В один из вечеров, когда солнце, опускаясь за высокие горы, осветило своими закатными лучами вагон, как бы прощаясь с ехавшими в нем ранеными, лежащими на своих местах, Шика долго лежал, следя за ускользавшими лучами, вдруг тихонько затянул свою любимую «Катюшу».
Джулька сидела Возле него, уткнув холодный нос в подушку, смотрела на него влюбленными глазами, внимательно вслушиваясь в мотив.
Долго она слушала, поворачивая голову то влево, то вправо, И вдруг тихонько стала подвывать, с каждым разом все отчетливее, все красивее, в такт.
Циркач обалдел от восторга. Он подумал, что это она случайно стала подтягивать знакомый мотив, и утих.

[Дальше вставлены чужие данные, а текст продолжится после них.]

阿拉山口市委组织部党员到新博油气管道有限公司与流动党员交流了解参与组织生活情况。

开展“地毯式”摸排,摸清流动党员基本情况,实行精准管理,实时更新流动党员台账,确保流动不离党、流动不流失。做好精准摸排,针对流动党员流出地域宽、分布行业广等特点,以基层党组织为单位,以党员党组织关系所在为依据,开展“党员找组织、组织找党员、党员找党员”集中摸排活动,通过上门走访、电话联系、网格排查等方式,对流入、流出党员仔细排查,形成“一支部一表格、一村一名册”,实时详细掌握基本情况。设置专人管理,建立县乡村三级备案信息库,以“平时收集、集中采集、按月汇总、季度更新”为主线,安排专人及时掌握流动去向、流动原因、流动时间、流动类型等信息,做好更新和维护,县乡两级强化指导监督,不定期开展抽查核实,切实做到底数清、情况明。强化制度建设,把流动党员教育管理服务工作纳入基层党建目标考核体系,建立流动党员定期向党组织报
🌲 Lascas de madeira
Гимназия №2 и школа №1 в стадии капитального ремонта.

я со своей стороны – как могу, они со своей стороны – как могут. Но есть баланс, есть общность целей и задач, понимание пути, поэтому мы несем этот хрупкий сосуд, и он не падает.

Утихла и Джулька.
Подождав немного, Шика снова стал тихонько напевать, а Джулька тут же подхватила мотив, но теперь это у нее получилось еще лучше, точнее.

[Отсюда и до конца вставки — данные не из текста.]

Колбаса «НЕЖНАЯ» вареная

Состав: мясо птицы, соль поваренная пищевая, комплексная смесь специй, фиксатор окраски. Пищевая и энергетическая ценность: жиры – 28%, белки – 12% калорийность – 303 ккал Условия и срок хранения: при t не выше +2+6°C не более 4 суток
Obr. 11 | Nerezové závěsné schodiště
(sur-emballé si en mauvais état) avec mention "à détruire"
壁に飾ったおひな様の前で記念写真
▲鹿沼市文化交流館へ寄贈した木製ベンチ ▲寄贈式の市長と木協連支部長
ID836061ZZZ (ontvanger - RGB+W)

И так повторялось несколько раз… Шика Маргулис обрадовался и размечтался: Джулька, видно, уже предчувствует конец войны, скоро отправится с ним в школу доучиваться. И он представил себе, как будет выступать с нею на манеже.
Свободной рукой он обнял Джульку, прижал к своей перебинтованной груди и стал ее ласкать, снова запел «Катюшу», а она тут же вторила ему.
Услышав этот необычный концерт, сошлись в купе сестры, ходячие раненые, пришла толстая докторша, они уселись где попало и с восторгом слушали, как Джулька подпевает Маргулису.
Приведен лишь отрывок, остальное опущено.